Song Ok-joo (born 20 December 1965) is a South Korean politician and two-term parliamentarian currently representing Hwaseong at the National Assembly.

From 1996 to 2016 Song had worked for her party and its preceding parties in areas of policy coordination, public relations and education. From 2011 to 2012 she was a policy researcher at the National Assembly upon the nomination of her party. In the 2012 general election, she was placed as the number 31 on the proportional representation list of her party.

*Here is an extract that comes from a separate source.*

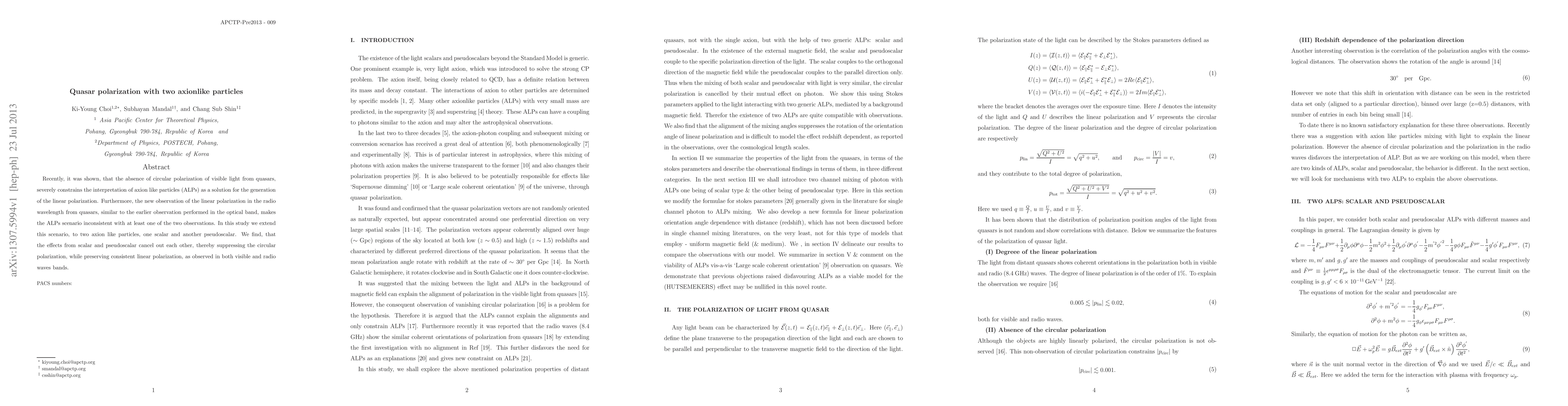 Recently, it was shown, that the absence of circular polarization of visible light from quasars, severely constrains the interpretation of axion like particles (ALPs) as a solution for the generation of the linear polarization. Furthermore, the new observation of the linear polarization in the radio wavelength from quasars, similar to the earlier observation performed in the optical band, makes the ALPs scenario inconsistent with at least one of the two observations. In this study we extend this scenario, to two axion like particles, one scalar and another pseudoscalar. We find, that the effects from scalar and pseudoscalar cancel out each other, thereby suppressing the circular polarization, while preserving consistent linear polarization, as observed in both visible and radio waves bands.

In the 2016 general election, she was placed as the number 3 on the list.

After becoming a parliamentarian in 2016, she took multiple roles in her party such as its spokesperson, deputy floor leader and deputy chair of Policy Planning Committee.

In the 2020 general election, she won the constituency which was previously represented by a senior opposition figure and eight-term parliamentarian, Suh Chung-won, and only taken by opposition parties ever since it was created in 2008.

In 2020 she was elected as the chair of National Assembly's Environment and Labor Committee responsible for scrutinising Ministry of Environment, Ministry of Employment and Labor and related agencies.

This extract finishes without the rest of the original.